Our cultural and religious context is part of our earthly life and to be respected after all. We may no longer need our training wheels, but they may need us.
In Siddhartha by Herman Hesse (a must read for any seeker) the protagonist takes on various roles — lover, merchant, ascectic — before collapsing in despair at a life he finally sees was wasted.
Eventually, spent and exhausted, he sits beneath a tree and watches the river reflect the emptiness in his own soul:
‘With his eyes closed, he slipped towards death. Then, out of remote areas of his soul, out of past times of his now weary life, a sound stirred up.’
‘Om! He spoke to himself: Om! And again he knew about Brahman, knew about the indestructibility of life, knew about all that is divine, which he had forgotten.’
Siddhartha experienced ‘the grace of suffering’ and woke up. He woke up from his identification with his self, sees it is selfish, and goes on to rediscover his kinship with all.
The ‘foolish, childlike people’ he sneered at become beloved to him; he learns the human pain of having a son who rejects and despises him; he learns from the wise old ferryman; and finally he learns from the river itself.
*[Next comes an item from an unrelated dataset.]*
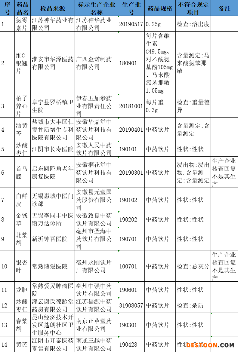 通告顯示,依據(jù)江蘇省藥品監(jiān)督管理局年度抽檢工作計(jì)劃,該局組織對藥品生產(chǎn)、經(jīng)營、使用單位進(jìn)行了抽檢。在抽檢中發(fā)現(xiàn),有14批次藥品不符合規(guī)定。

Despair comes for most of us at one time or other yet if we are wise we can use it as a portal to something finer, a Self that existed all along.
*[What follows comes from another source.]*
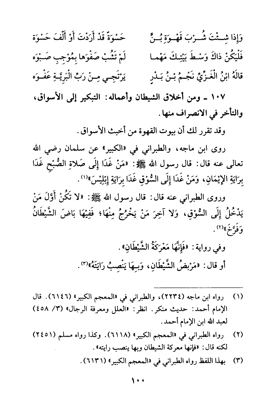 107 - ومن أخلاق الشيطان وأعمالة: التبكير إلى الأسواق، والتأخر في الانصراف منها.

The great sages tell us to ‘go back the way you came’ or as Rumi put it, ‘return to the root of the root of yourself’.
The root is consciousness, the root of the root awareness itself. Last words.
In the final paragraph of his book The Open Secret, Tony Parsons says this:
‘But from whatever and whenever this insight is communicated, it has no connection with end-gaining, belief, path or process. It cannot be taught but is continuously shared. Because it is all that is no-one can lay claim to it. It needs not to be argued, proven or embellished, for it stands alone simply as it is, and can only remain unrecognized and rejected, or realized and lived.’